ACTIVITY:
The answer is to be an exact copy of the lines below running from the line with "Be the first" down to the line with "Back to All", both ends included, and nothing more.

SOURCE DATA:
=== Begin Enclosure ===

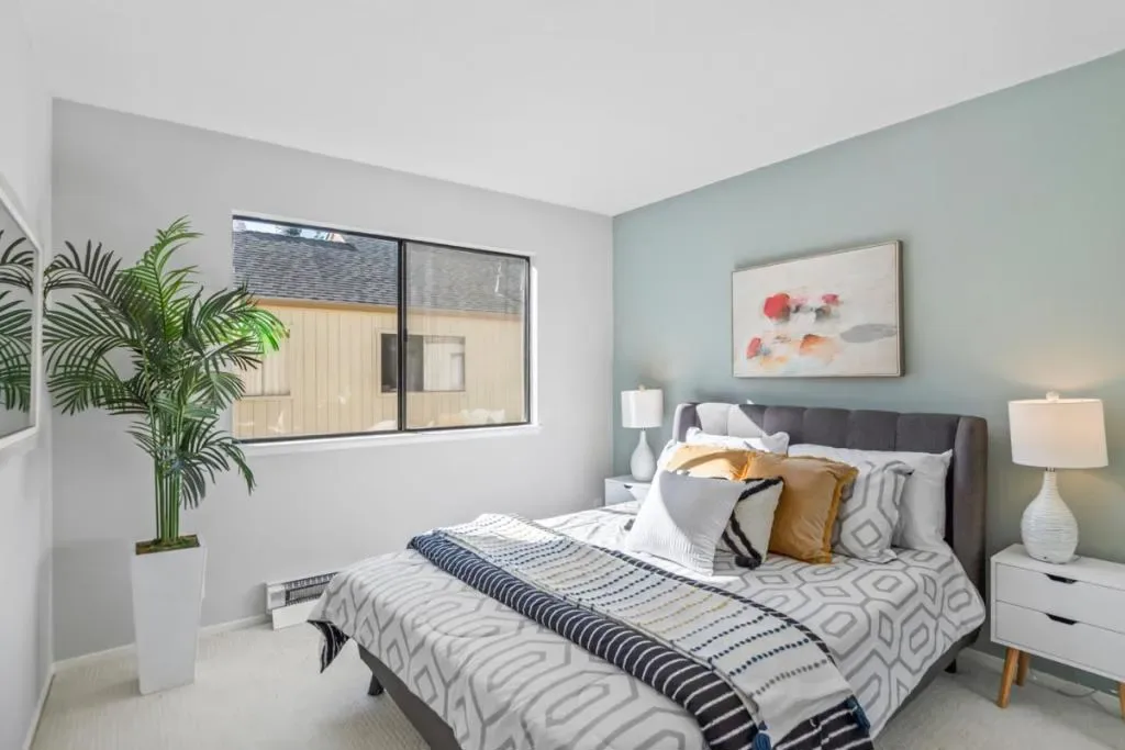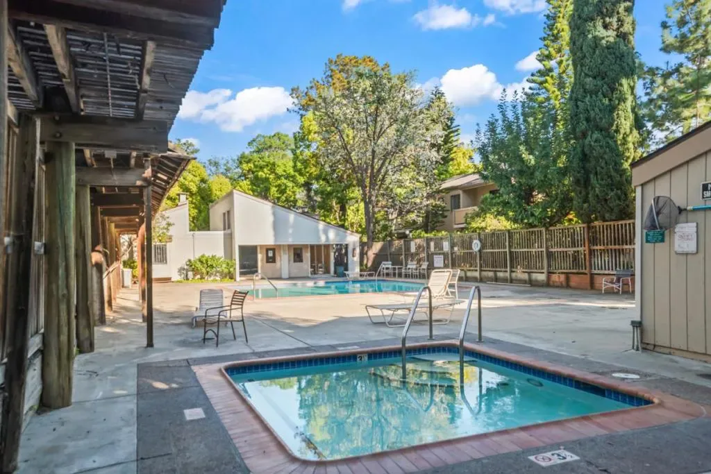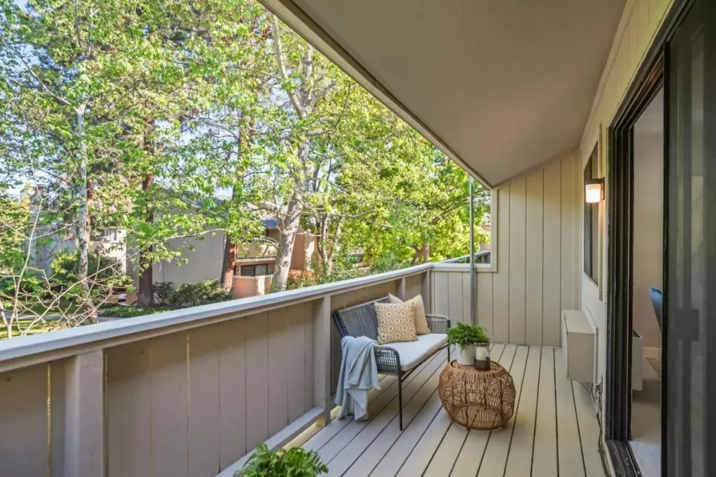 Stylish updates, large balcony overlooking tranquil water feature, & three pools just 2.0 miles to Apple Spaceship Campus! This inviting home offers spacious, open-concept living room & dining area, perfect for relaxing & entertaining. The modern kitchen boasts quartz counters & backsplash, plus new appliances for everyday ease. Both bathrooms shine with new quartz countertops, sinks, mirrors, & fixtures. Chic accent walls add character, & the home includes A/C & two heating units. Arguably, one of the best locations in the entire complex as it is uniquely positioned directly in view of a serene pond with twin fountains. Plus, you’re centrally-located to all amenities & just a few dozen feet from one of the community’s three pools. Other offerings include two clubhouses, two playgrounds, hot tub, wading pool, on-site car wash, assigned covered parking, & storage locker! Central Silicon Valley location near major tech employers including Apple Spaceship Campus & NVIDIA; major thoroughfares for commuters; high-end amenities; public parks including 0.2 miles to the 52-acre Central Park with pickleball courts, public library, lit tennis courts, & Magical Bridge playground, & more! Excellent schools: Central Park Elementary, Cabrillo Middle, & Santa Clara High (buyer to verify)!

=== End Enclosure ===
=== Begin Enclosure ===

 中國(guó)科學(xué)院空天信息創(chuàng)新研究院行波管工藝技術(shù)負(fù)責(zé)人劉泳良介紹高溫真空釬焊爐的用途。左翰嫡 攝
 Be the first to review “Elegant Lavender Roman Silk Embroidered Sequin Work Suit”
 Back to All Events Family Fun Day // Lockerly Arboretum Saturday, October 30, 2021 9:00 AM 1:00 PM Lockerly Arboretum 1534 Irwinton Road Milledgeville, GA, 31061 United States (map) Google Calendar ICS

=== End Enclosure ===
=== Begin Enclosure ===

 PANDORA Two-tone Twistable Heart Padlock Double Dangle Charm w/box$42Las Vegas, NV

=== End Enclosure ===

TASK RESPONSE:
 Be the first to review “Elegant Lavender Roman Silk Embroidered Sequin Work Suit”
 Back to All Events Family Fun Day // Lockerly Arboretum Saturday, October 30, 2021 9:00 AM 1:00 PM Lockerly Arboretum 1534 Irwinton Road Milledgeville, GA, 31061 United States (map) Google Calendar ICS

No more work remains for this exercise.